I’ve been using Google Reader to keep up with around 75 RSS feed subscriptions. Unfortunately there’s a lot of overlap between articles, especially articles from traditional news outlets. Google News groups similar articles so I wanted to see if I could replicate this behaviour for my RSS feeds (Yea, I know that I could just grab the RSS feed straight from google news or any other aggregator but where’s the fun in that ;-) ).
Here, I look at the syntactic similarity between RSS items from 31 news outlets in an attempt to categorize the news by subject.
Fetching RSS Feeds
To get my feeds, I used the YQL rss.multi.list data table. which parses any RSS/atom feed and standardizes it into XML, HTML, or JSON. I retrieved my feeds in XML then used XPath to parse individual RSS feed items, stripped any HTML, and built RSSItem objects that I could easily manipulate programmatically.
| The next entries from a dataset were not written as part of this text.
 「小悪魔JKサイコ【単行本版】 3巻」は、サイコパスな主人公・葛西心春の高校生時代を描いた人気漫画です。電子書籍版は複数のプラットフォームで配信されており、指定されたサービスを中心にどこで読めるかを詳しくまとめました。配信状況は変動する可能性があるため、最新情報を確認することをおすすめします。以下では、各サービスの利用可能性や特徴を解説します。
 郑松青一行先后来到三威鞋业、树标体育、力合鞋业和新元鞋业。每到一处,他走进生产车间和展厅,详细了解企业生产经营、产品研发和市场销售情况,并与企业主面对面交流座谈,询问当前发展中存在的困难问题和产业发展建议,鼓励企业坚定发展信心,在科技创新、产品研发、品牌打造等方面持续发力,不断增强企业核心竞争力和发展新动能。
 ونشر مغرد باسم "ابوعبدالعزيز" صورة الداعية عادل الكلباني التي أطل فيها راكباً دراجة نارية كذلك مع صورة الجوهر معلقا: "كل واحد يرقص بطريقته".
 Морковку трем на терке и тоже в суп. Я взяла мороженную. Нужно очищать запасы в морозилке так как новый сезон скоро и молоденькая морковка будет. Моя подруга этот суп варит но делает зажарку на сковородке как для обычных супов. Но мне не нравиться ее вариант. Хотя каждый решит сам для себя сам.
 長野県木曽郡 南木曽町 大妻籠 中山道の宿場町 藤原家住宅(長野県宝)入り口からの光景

For each RSSItem object, I built a length-normalized map of word frequencies for the 20 most ‘important’ words. Instead of finding the frequency of words as-is, I stemmed each word with a Porter stemmer which reduces derived/inflected words to their root form. I then evaluate the ‘importance’ of each word – if the word occurs frequently in a document but relatively infrequently in the entire corpus, then its important; if the word occurs frequently across many documents, its unimportant (this is the general premise of tf-idf weighting).
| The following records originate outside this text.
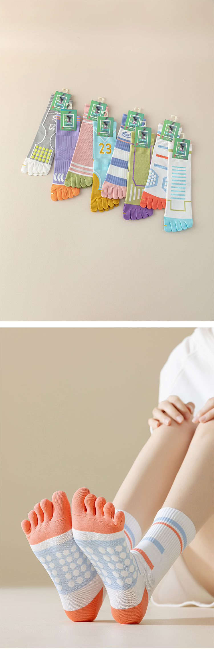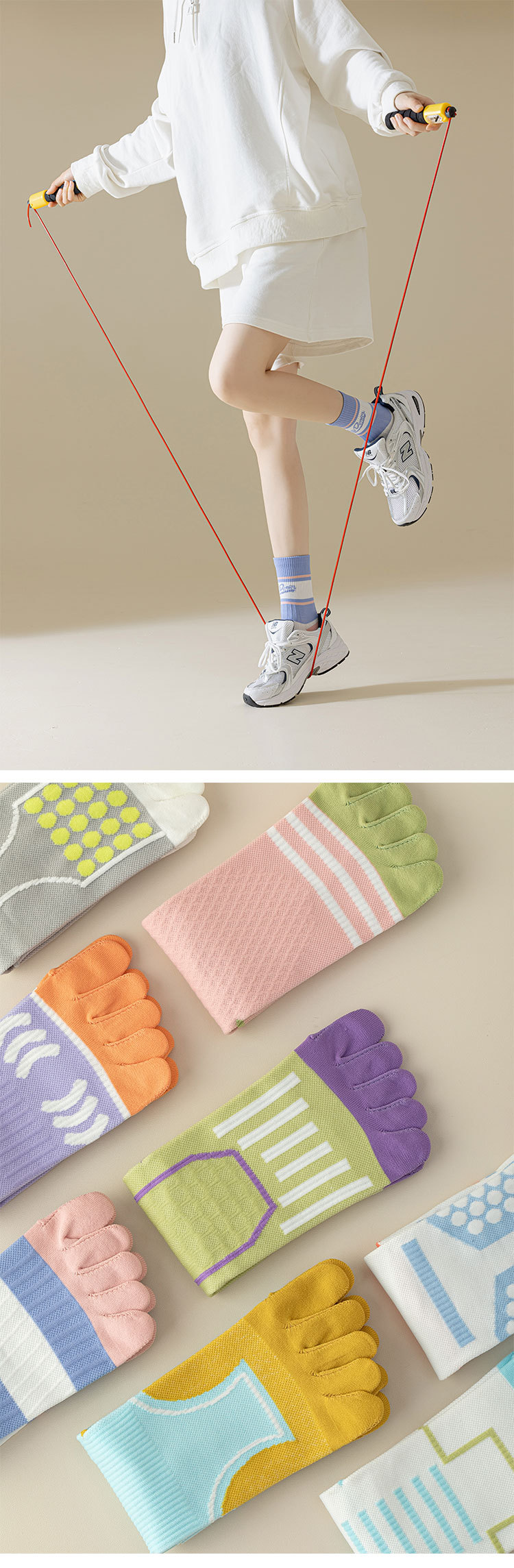 【非瑜伽袜】【新品】五指袜子女专业运动肌能全压力中筒袜健身跳绳跑步运动分趾袜潮袜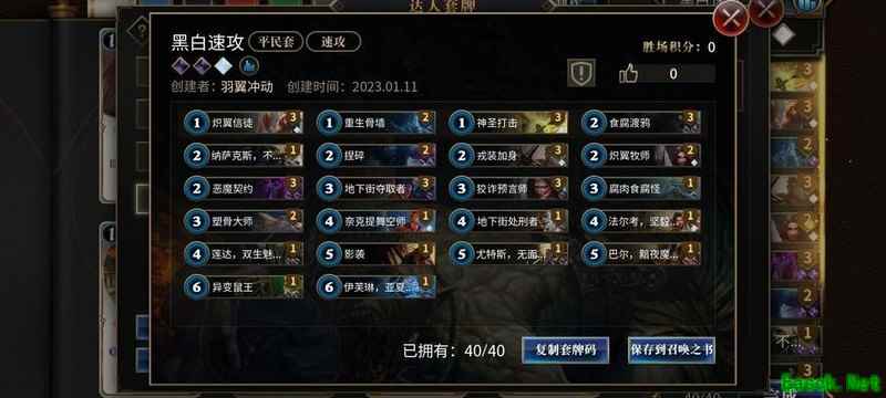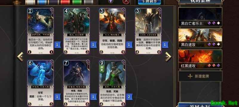 套牌构成:黑色与白色混合,核心卡牌包括一张异变鼠王(费用6)、两张捏碎(费用2)、三张神圣打击(费用1),以及伊芙琳,亚夏之殇一张(费用6)和法尔考,坚毅之壁一张(费用4)。配备三张戎装加身(费用2)和三张恶魔契约(费用2),辅以腐肉食腐怪一张(费用3)与尤特斯,无面蚀智者一张(费用5)。包含两张重生骨墙(费用1)、两张塑骨大师(费用3),以及地下街处刑者一张(费用4)。另有两张炽翼牧师(费用2)、一张影袭(费用5)和三张炽翼信徒(费用1)。加入三张食腐渡鸦(费用2)、纳萨克斯,不死者一张(费用2)和三张地下街夺取者(费用3)。同时携带三张狡诈预言师(费用3)、奈克提舞空师一张(费用4)、莲达,双生魅影一张(费用4)和巴尔,黯夜魔王一张(费用5)。整套牌通过黑白双色构建,强调节奏控制与场面压制,兼具解场与爆发能力。套牌代码为:l8x6eMkT7hP/GRUYGRg3FncakRPZGO4W+hYBF6YW/RNDEXcTgROLE48TkRGVG5kb。若需使用此套牌,请先复制该代码至剪贴板,随后进入达人套牌功能区,选择使用套牌码并完成粘贴操作,系统将自动加载全部卡牌配置。建议玩家根据当前环境适当微调单卡数量以适应对战趋势,充分发挥本套牌在中期的压制力与资源转换效率。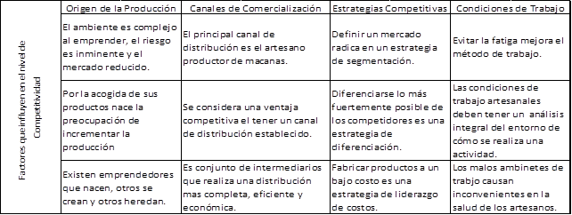 Realizado el análisis sobre los factores que participan en la competitividad de los artesanos macaneros, asumimos que existe un nivel de responsabilidad que detallamos en la siguiente matriz.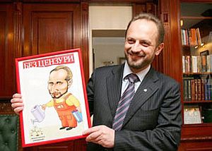 Журналисты газеты "Без цензуры" подарили Бессмертному дружеский шарж, а исполняющий обязанности председателя исполкома партии Александр Ропотенко презентовал имениннику набор инструментов для сада. По-видимому, Роман Петрович обрадовался такому подарку, поскольку сам недавно рассказывал, что очень любит ковыряться в саду.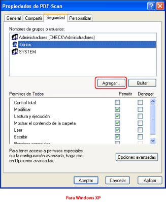 Aparece el cuadro de diálogo [Permisos de PDF-Scan], seleccione [Todos] → seleccione [Permitir] para <Cambiar>.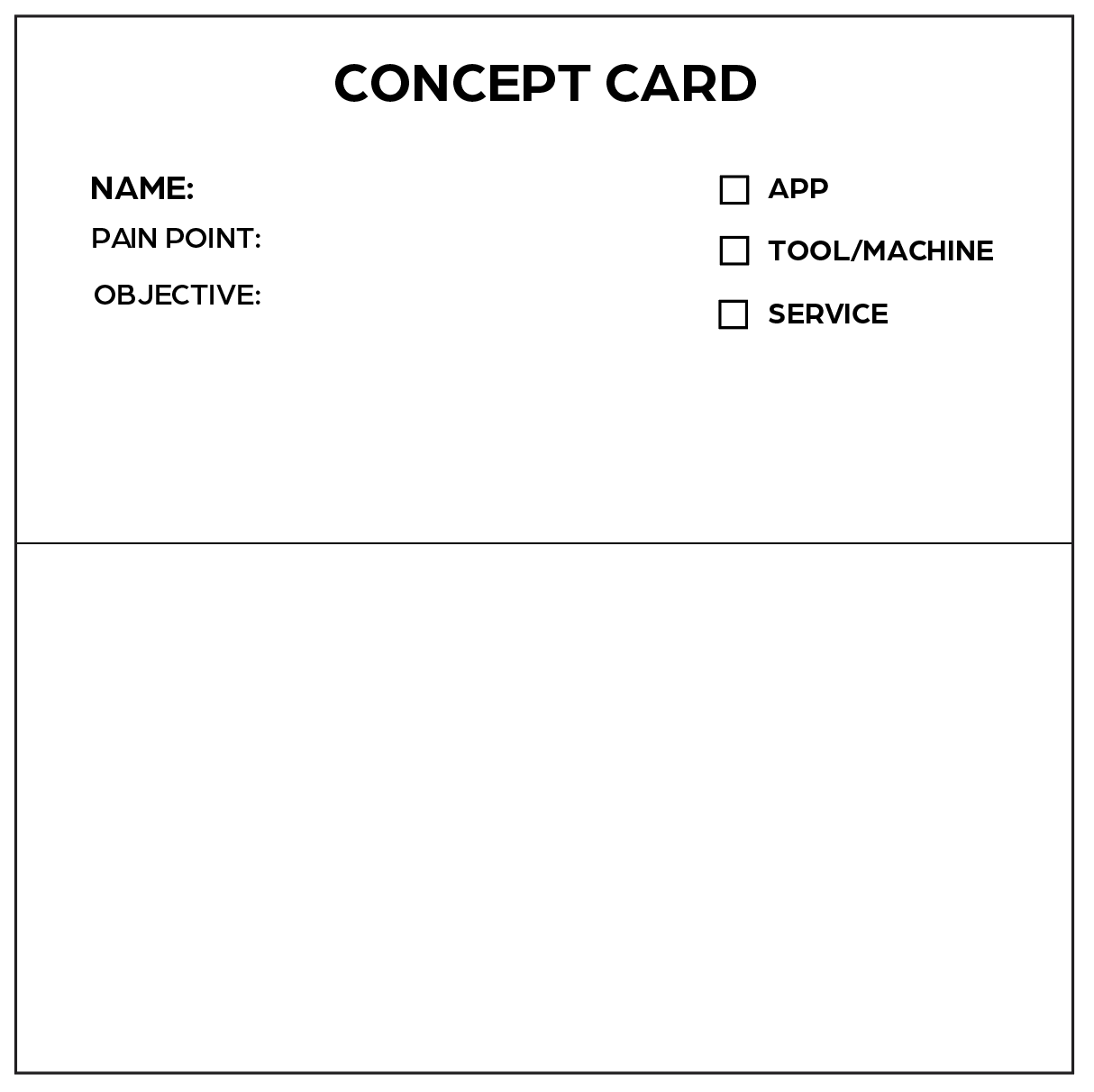 After presenting their journey maps and selecting a pain point to address, each sprinter received a concept card to spark creative and innovative solutions for their chosen challenge. Armed with a toolkit (see concept card toolkit) for inspiration, they had everything they needed to bring their ideas to life. The sprinters identified their pain points, specified whether their concept was an app, tool, machine, or service, and defined its objective. Below the line, they had space to illustrate or describe their concept in greater detail.

To cluster feeds together, I take the intersection of the most important words for each feed. If each document shares at least 4 ‘important’ words (works out to ~20-40% of ‘important’ words shared), they’re considered to be on the same topic. Here’s the code that does the clustering:
I pulled news from 31 sources focused primarily on top stories, world, and national news. From the 526 RSS news items, 306 clusters were formed with at least 2 news stories each. Of the 306, 21 were incorrectly clustered (stories were unrelated to those in the cluster). Of the remaining 220 stories which weren’t part of a cluster, 89 should have been in a cluster. Not being one to give up an opportunity to draw a graph, here’s the above info represented visually :-)
True positives are news items that were correctly clustered. False positives are news items that were incorrectly clustered. True negatives were correctly identified as a unique story (not part of a cluster). False negatives were incorrectly identified to be unique or part of a cluster that should have been merged with another cluster.
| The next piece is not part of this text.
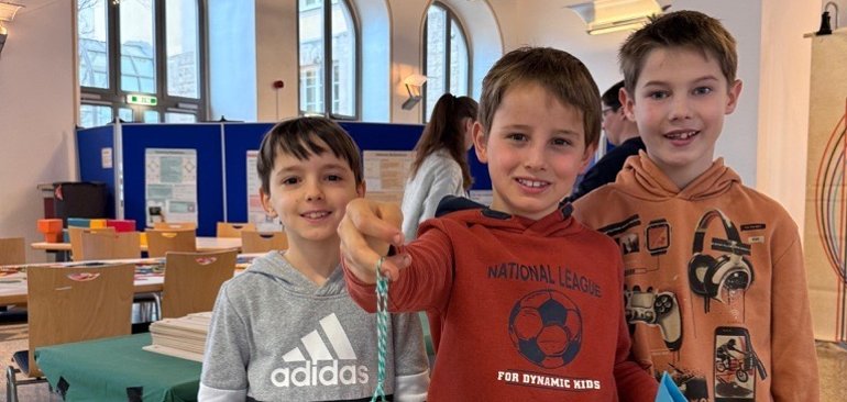 Am 3. Dezember besuchte unsere Schule mit der 3. und 4. Klasse die Ausstellung „Mathe zum Anfassen“ am Schiller-Gymnasium in Hof. Dort konnten die Kinder Mathematik einmal ganz praktisch erleben: spannende Experimente, knifflige Rätsel und viele überraschende Entdeckungen luden zum Ausprobieren ein.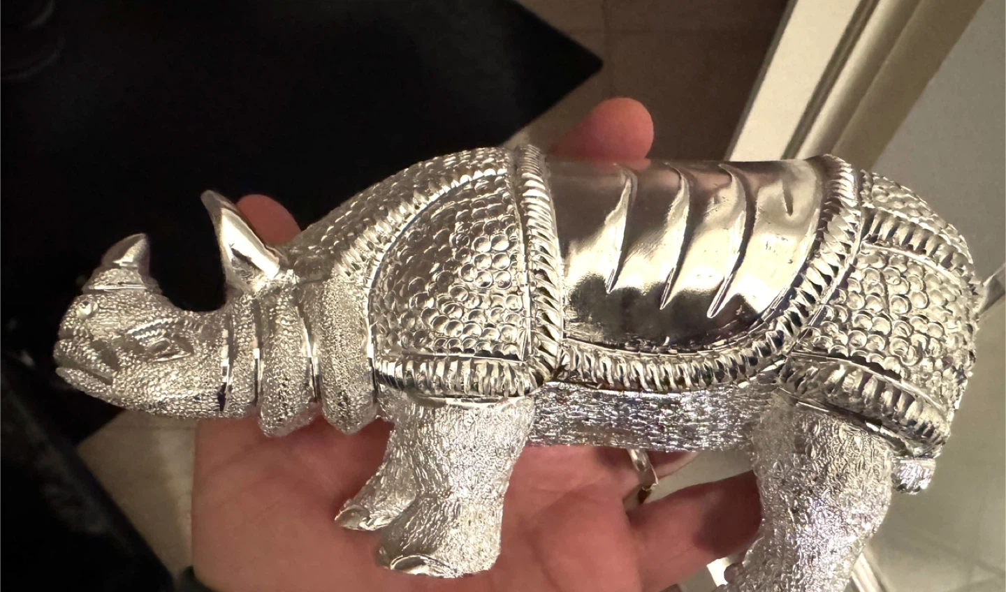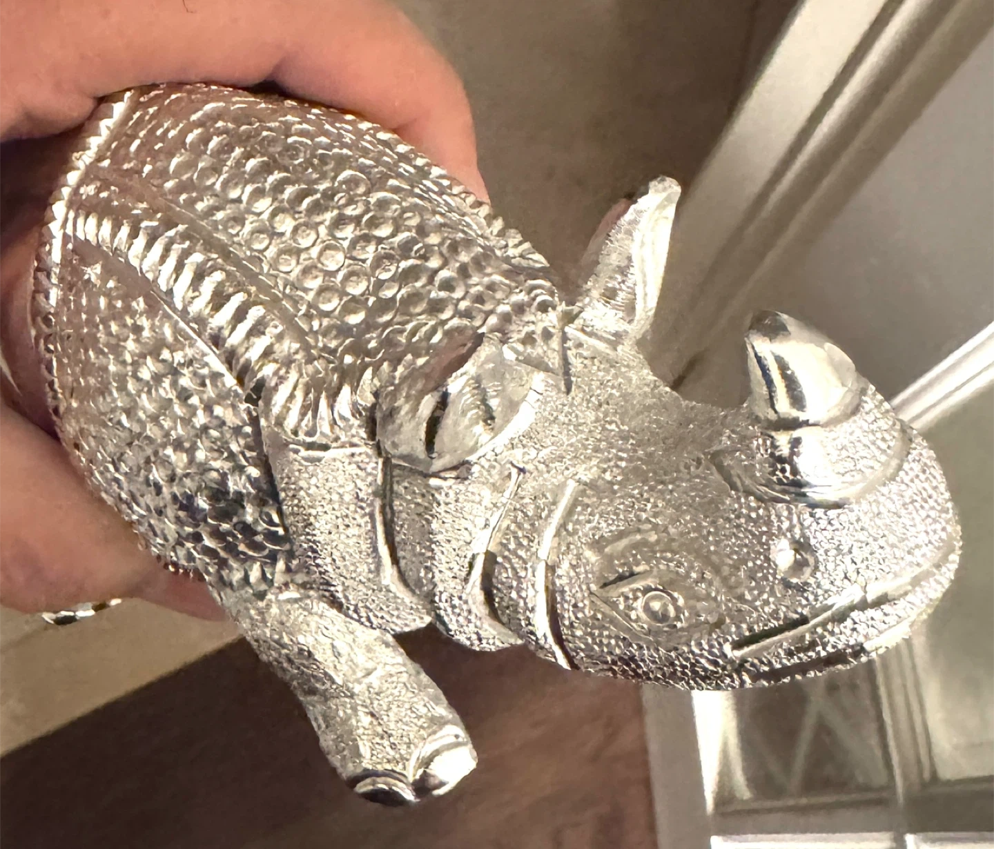 This is a decorative silver-tone rhinoceros figurine. It has a textured finish with intricate detailing across its body and armour plating. Great for adding a touch of unique style to your decor!

The majority of true negatives were lifestyle/editorial style stories. False negatives were mostly articles with quotes/anecdotes in the headline. I tried to decrease the number of false negatives by lowering the number of words that need to be shared but this inevitably led to a decrease in specificity.
Although improvements could probably be made by looking at semantic similarity or by considering a larger body of text (the average rss item contained about 50 words of which only ~20 were ‘important’), syntax-based comparisons provide results that I’d consider ‘good enough’.